To do - Restate word for word the lines of the material below, from the line with "The screen between" to the line with "光遇游戏中每周都会给玩家们一", both lines included, and no others.

Dataset -
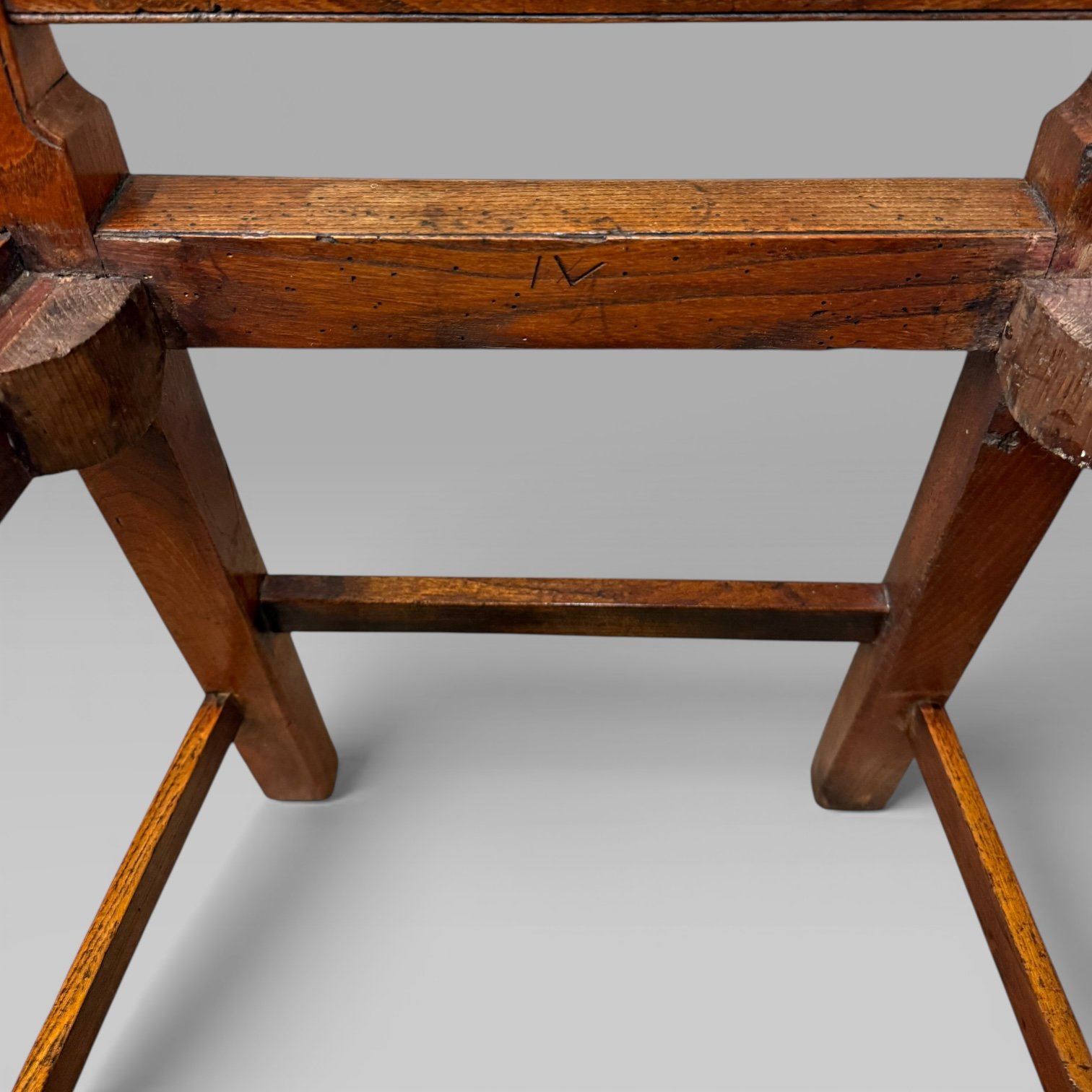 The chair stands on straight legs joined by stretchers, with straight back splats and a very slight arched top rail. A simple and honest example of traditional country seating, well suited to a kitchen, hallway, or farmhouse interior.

---

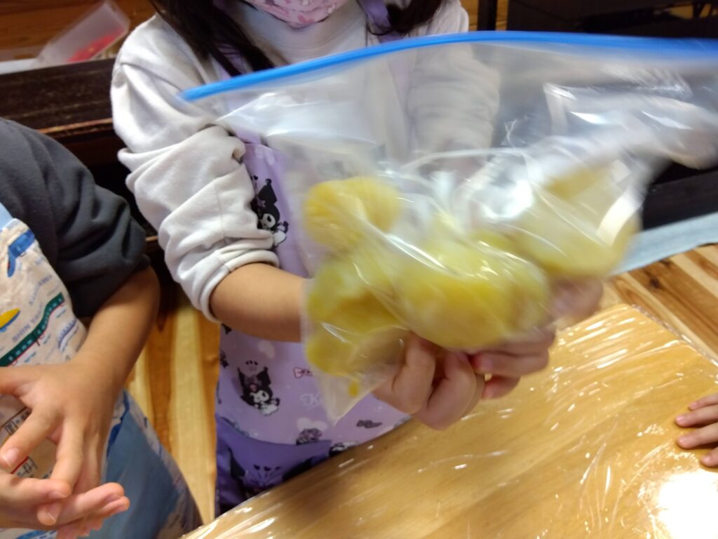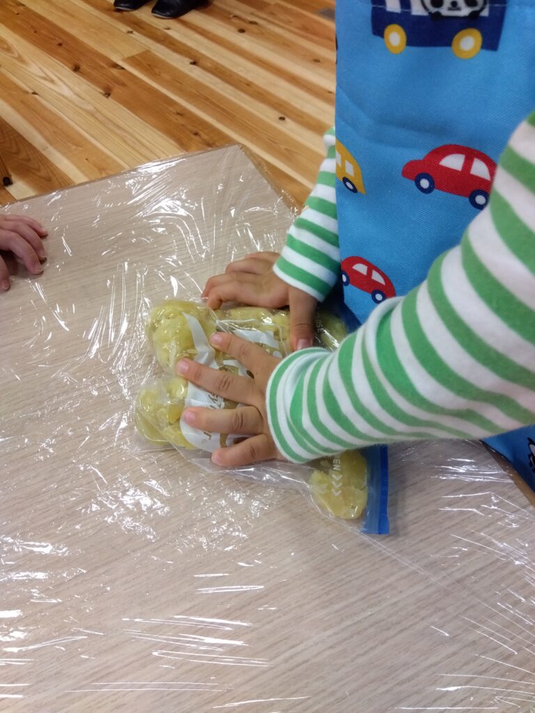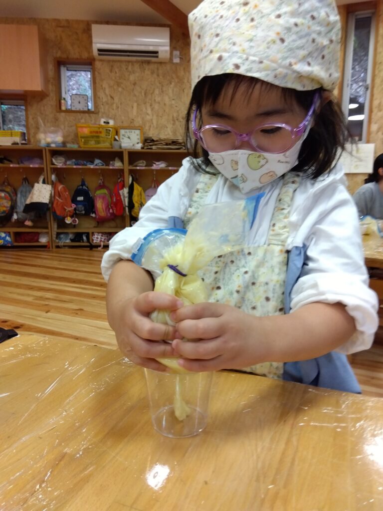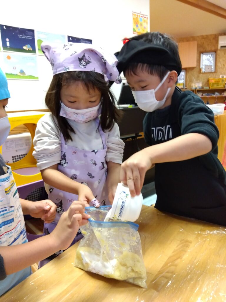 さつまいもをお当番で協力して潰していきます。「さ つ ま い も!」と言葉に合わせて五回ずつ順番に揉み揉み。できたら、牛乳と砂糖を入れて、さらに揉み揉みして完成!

* * *

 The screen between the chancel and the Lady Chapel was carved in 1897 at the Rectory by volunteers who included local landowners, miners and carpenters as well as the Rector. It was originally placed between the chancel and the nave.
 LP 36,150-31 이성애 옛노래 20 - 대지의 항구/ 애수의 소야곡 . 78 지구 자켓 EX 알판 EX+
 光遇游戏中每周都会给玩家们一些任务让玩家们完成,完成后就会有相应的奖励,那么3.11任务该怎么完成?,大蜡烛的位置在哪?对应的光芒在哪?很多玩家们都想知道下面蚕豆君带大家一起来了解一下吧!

Answer space -
 The screen between the chancel and the Lady Chapel was carved in 1897 at the Rectory by volunteers who included local landowners, miners and carpenters as well as the Rector. It was originally placed between the chancel and the nave.
 LP 36,150-31 이성애 옛노래 20 - 대지의 항구/ 애수의 소야곡 . 78 지구 자켓 EX 알판 EX+
 光遇游戏中每周都会给玩家们一些任务让玩家们完成,完成后就会有相应的奖励,那么3.11任务该怎么完成?,大蜡烛的位置在哪?对应的光芒在哪?很多玩家们都想知道下面蚕豆君带大家一起来了解一下吧!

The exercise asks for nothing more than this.